# Homework Help: Prove if a < b, there is an irrational inbetween them

1. Apr 30, 2013

### Zondrina

1. The problem statement, all variables and given/known data

No giving up !

The question : http://gyazo.com/08a3726f30e4fb34901dece9755216f3

2. Relevant equations

A lemma and a theorem :

http://gyazo.com/f3b61a9368cca5a7ed78a928a162427f
http://gyazo.com/ca912b6fa01ea6c163c951e03571cecf

The fact $\sqrt{2}$ and $2^{-1/2}$ are irrational.

3. The attempt at a solution

Suppose 0 < b - a. We must show that $\exists x \in ℝ - \mathbb{Q} \space | \space a < x < b$

Since 0 < b - a, we know we can apply theorem 1.3 to find $r \in \mathbb{Q} \space | \frac{a}{\sqrt{2}} < r < \frac{b}{\sqrt{2}}$ because of the denseness of $\mathbb{Q}$.

We know : $ℝ \setminus \mathbb{Q}$ is the set of irrationals.

Also, since $r \in \mathbb{Q}$, we can take $r = \frac{p}{q}$ for some $p, q \in \mathbb{Z}$

This yields $a < \frac{p \sqrt{2}}{q} < b$.

Therefore, because $\frac{p \sqrt{2}}{q} \in ℝ - \mathbb{Q}$ the claim is proven true.

EDIT : Fixed a small error.

Last edited: Apr 30, 2013
2. Apr 30, 2013

### micromass

The proofs is ok.

But, I really don't get this line:

3. Apr 30, 2013

### Zondrina

I was just trying to highlight that it was the set of irrationals.

Do you know how to write backslashes in latex? I was trying to write R\Q, but it treats '\' like an escape character.

4. Apr 30, 2013

### micromass

OK, but the right-hand side you wrote down really isn't equal to the set of irrationals...

\setminus

5. Apr 30, 2013

### LeonhardEuler

Don't forget that numbers like $\pi$ and e are also irrational (among many others).

6. Apr 30, 2013

### Zondrina

$ℝ \setminus \mathbb{Q}$ Yay :)!

Hmm would general elements look like $c + d \sqrt{e}$ instead then? Trying to get a grasp on what the set elements look like.

7. Apr 30, 2013

### micromass

There is no real good description of general elements of the irrational numbers. Elements like $c+d\sqrt{e}$ are still very special.

The reality is that the set of irrationals is huge. Most elements of the irrational numbers can't be explicitely described.

8. Apr 30, 2013

### VantagePoint72

There is no general way of writing the elements of the irrationals in the way you are trying to do.

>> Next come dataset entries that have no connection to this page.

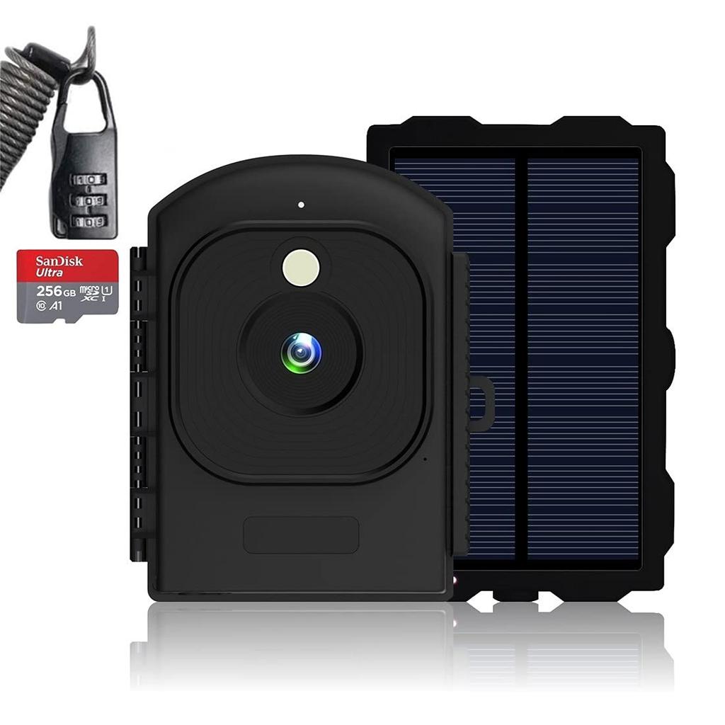 [All-in-one package] Product body, solar panel with built-in rechargeable battery, MicroSD card (256GB), fixtures (4 types), screw anchor set for fixtures, Japanese instruction manual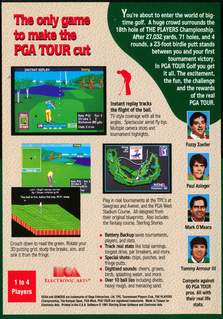 Play in real tournaments at the TPC's at Sawgrass and Avenel, and the PGA West Stadium Course. All designed from their original blueprints. Also includes the fantasy course, Sterling Shores.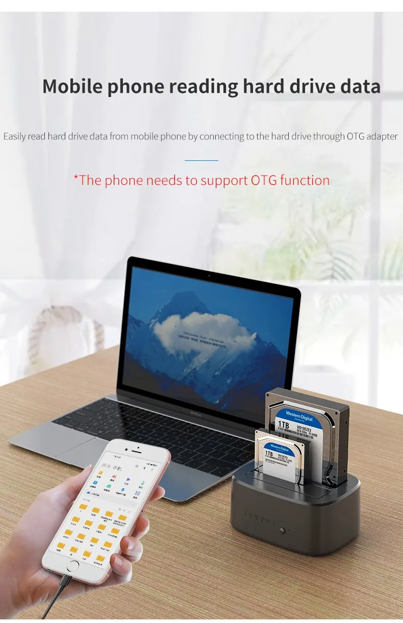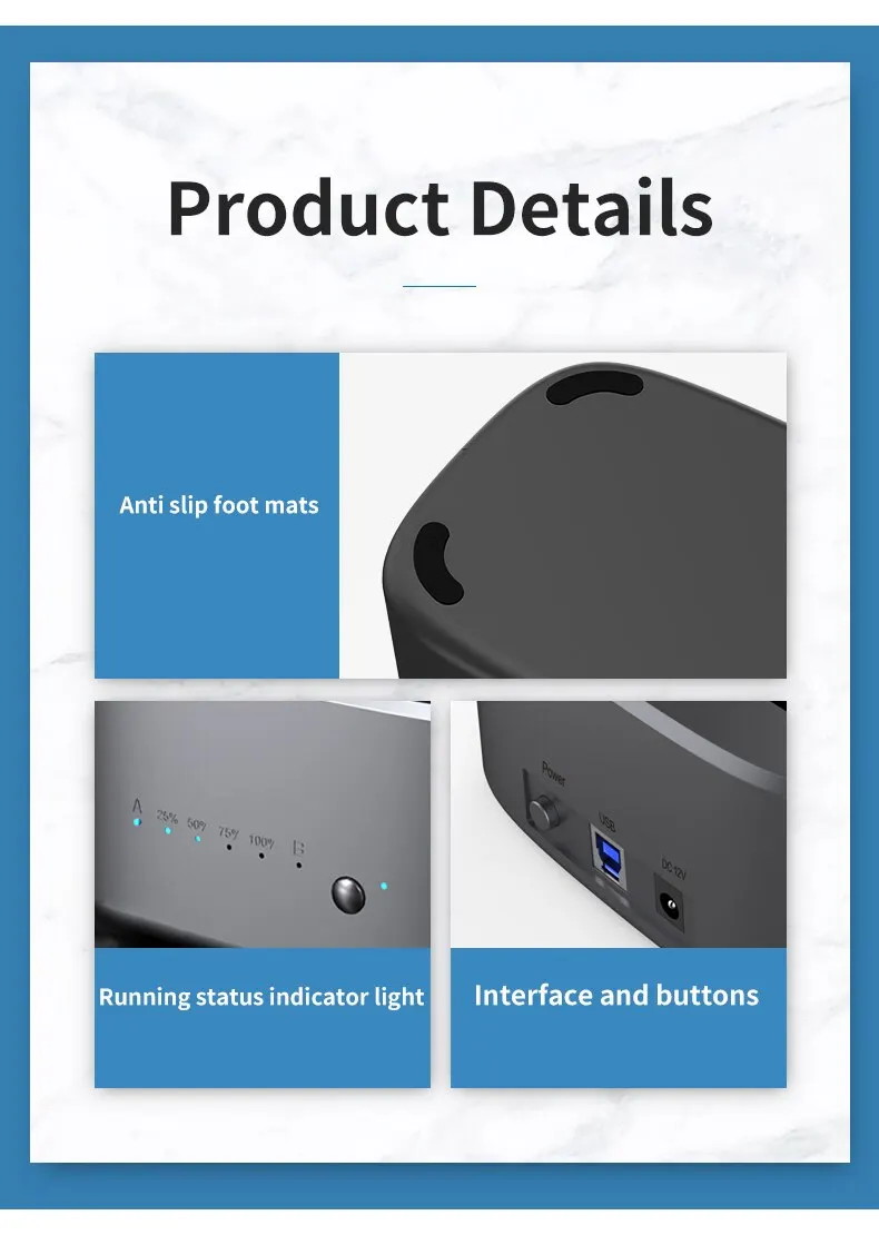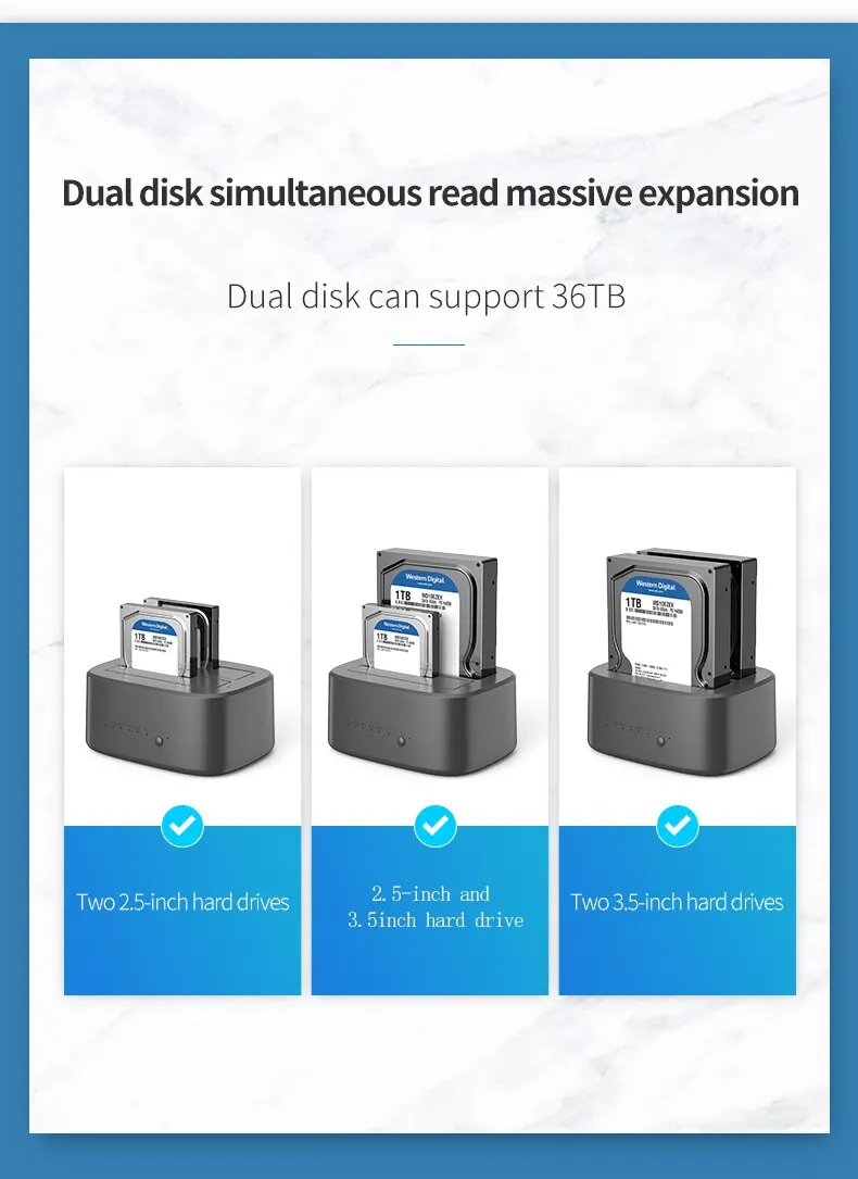 • Дизайн с двумя отсеками :Док-станция для жестких дисков UnionSine Dual Bay позволяет одновременно подключать Два жестких диска или твердотельные накопители, что упрощает резервное копирование и передачу данных.
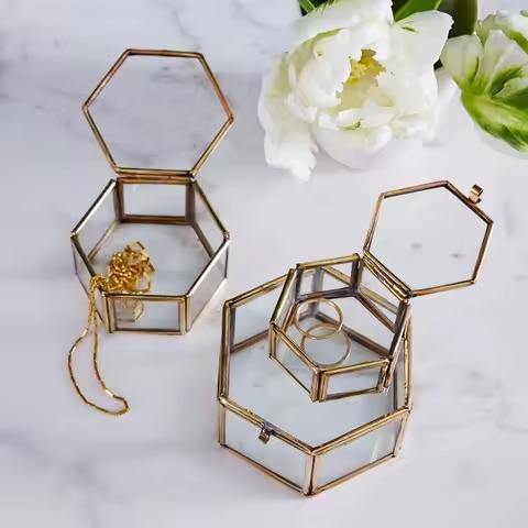 กล่องแก้วเครื่องประดับหรูหราขนาดและสีที่กำหนดเองสำหรับการจัดระเบียบเครื่องประดับ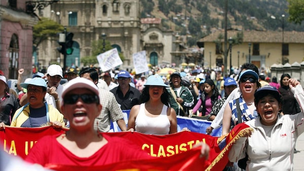 Protesters march during the second day of strike against Newmont's proposed $4.8-billion Conga gold mine, at the Peruvian city of Cajamarca.ENRIQUE CASTRO-MENDIVIL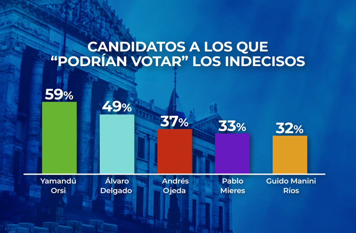 Por último, muestran posibilidad de votar a diferentes candidatos. 59% dice que “podría votar” por Yamandú Orsi, pero 49% dice lo mismo de Álvaro Delgado y 37% de Andrés Ojeda. También, 33% dice que podría votar a Pablo Mieres y 32% a Guido Manini Ríos. Por tanto, los principales candidatos del sistema parecen tener potencial de crecer en este segmento en esta recta final.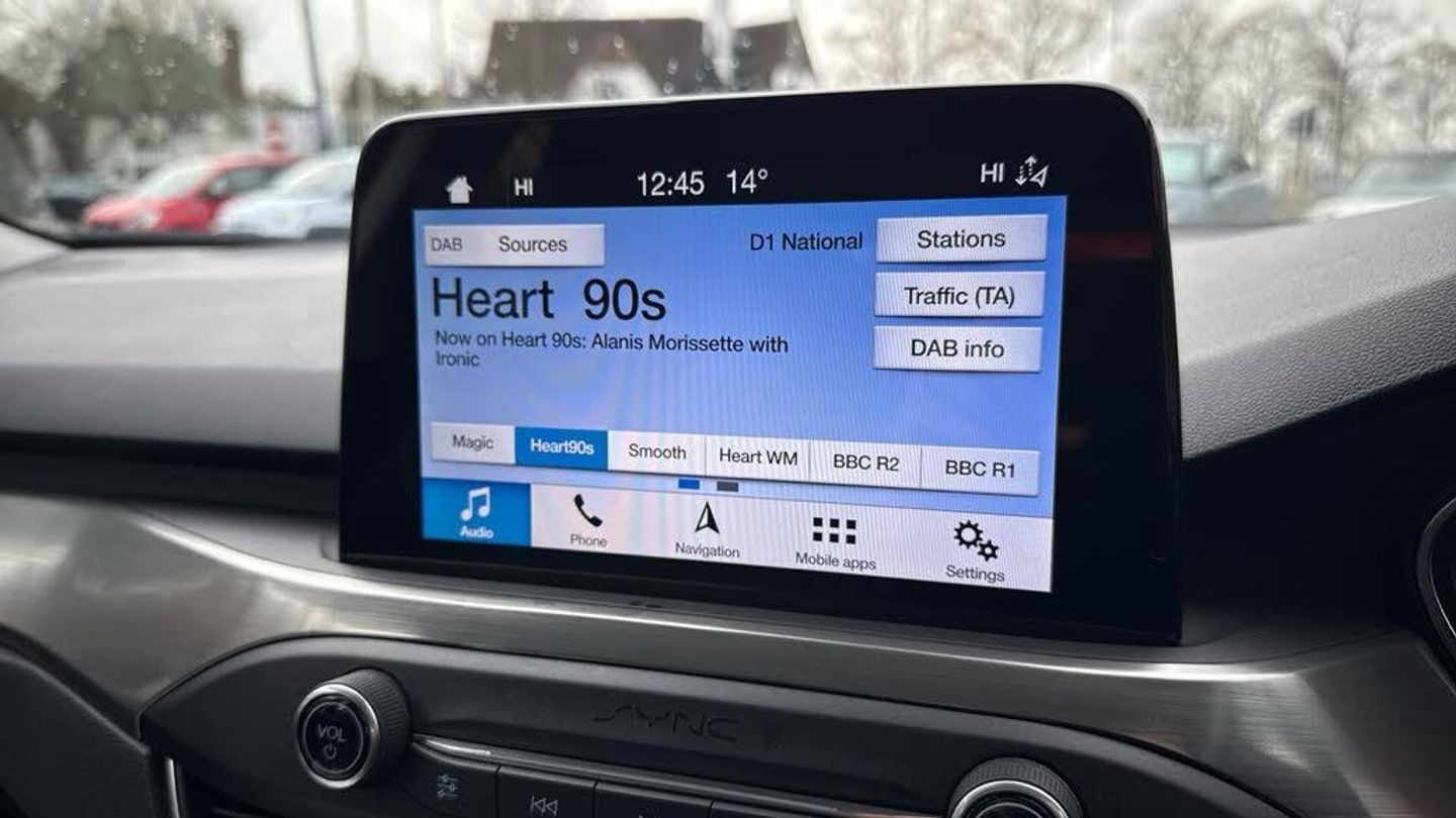 16in Alloy Wheels - 15 Spoke - Sparkle Silver, 4.2in TFT Instrument Cluster Screen, 8in Touchscreen Colour Display, Airbags - Driver and Front Passenger, Airbags - Front Side Impact, Airbags - Front and Rear Side Curtain, Anti-Lock Braking System - ABS with Electronic Brake Force Distribution - EBD, Automatic Dimming Rear View Mirror, Body Colour Bumpers, Centre Console with Armrest, Courtesy Light - Front and Rear Passengers - LED Overhead and Load Compartment, Courtesy Lights - Ambient LED Courtesy Lighting - Single Colour, Cruise Control with Speed Limiter, DEATC - Dual-Zone Electronic Automatic Temperature Control, Door Handles - Body Colour, Drivers Seat Lumbar Adjust, EPAS - Electric Power Assisted Steering, Electric Parking Brake, Emergency Brake Warning, Enhanced Electronic Stability Control - ESC with Traction Control - Emergency Brake Assist - EBA - Hill Start Assist - HSA, Floor Mats - Front and Rear, Ford Easy Fuel - Capless Refuelling System, Ford Eco Mode - Driver Information System, Ford Key Free System - Keyless Entry with Keyless Start, Ford SYNC3 DAB Navigation System, FordPass Connect, Front Fog Lights with Cornering Function, Front Passenger Airbag Deactivation Switch, Front Seat - Drivers Manual Height and Fore-Aft Adjustment, Front Seat - Passenger Manual Height Fore-Aft Adjustment, Front Seat - Passengers Manual Lumbar Support Adjustment, Front Seats - Sports Style, Front Suspension - Independent with MacPherson Struts and Anti-Roll Bar, Front Upper Grille - Chrome - Horizontal Bars, Front and Rear Seatbelt Minder, Gear Knob - Leather, Headlights - Halogen, Heated Front Seats, IPS - Intelligent Protection System, Intelligent Speed Assistance, LED Daytime Running Lights, Lane Keeping Aid with Lane Departure Warning, Leather-Trimmed Handbrake, Locking Wheel Nuts, MyKey, Parking Sensor - Front and Rear, Post Collision Braking, Power Folding Door Mirrors with Puddle Lights, Pre-Collision Assist with Autonomous Emergency Braking and Pedestrian-Cyclist Detection, Pre-Collision Assist with Pedestrian Detection, Quickclear Heated Windscreen, Rain Sensitive Windshield Wipers, Rear Centre Headrest, Rear Lights - LED, Rear Seat - Folding Centre Armrest with Two Integrated Cup Holders, Remote Central Locking and Engine Immobiliser, Scuff Plates - Front Aluminium Finish with Ford logo, Seats - ISOFIX Mounting Provision for Child Seats, Selectable Drive Mode, Spare Wheel - Mini Steel, Steering Column - Rake and Reach Adjustment, Steering Wheel - 3-Spoke Leather Trimmed with Audio Controls, Thatcham Category 1 Alarm, Trailer Sway Control, Trip Computer, Tyre Pressure Monitoring System, Windows - Electrically Operated Front and Rear with One Touch Opening and Closing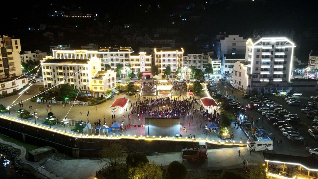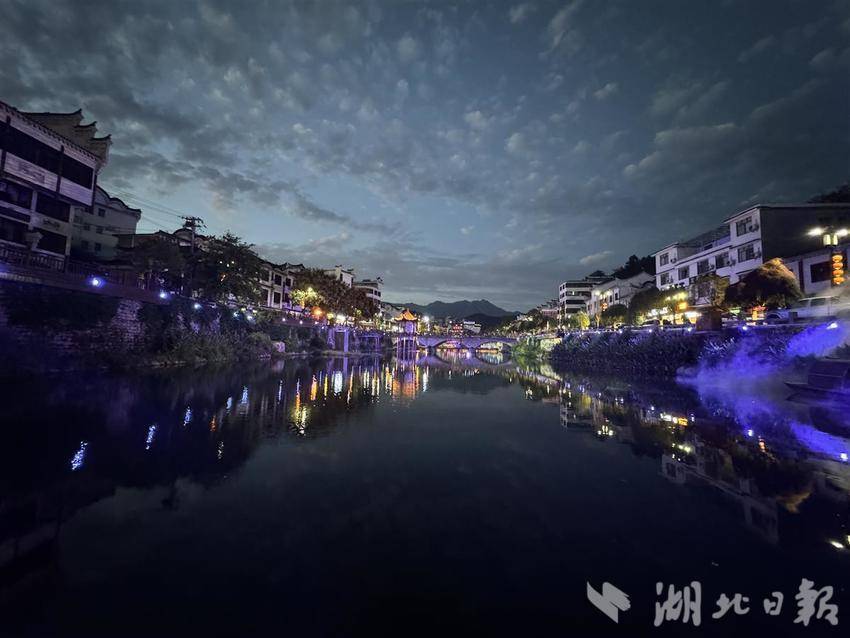 10月2日晚,大批游客聚集在罗田九资河镇鸠兹古邑文旅休闲街,欢度国庆假期,或漫步街头“逛吃”,或欣赏两岸小桥流水人家的景色。(选自 湖北日报客户端罗田频道 作者 周惠)

The transcendental numbers are a subset of the irrationals and they cannot, by definition, be expressed as the roots of polynomials with rational coefficients. We only know the general form of a few families of transcendental numbers. However, we know that almost all real (and complex) numbers are transcendental, so you've only captured a very tiny subset with your definition.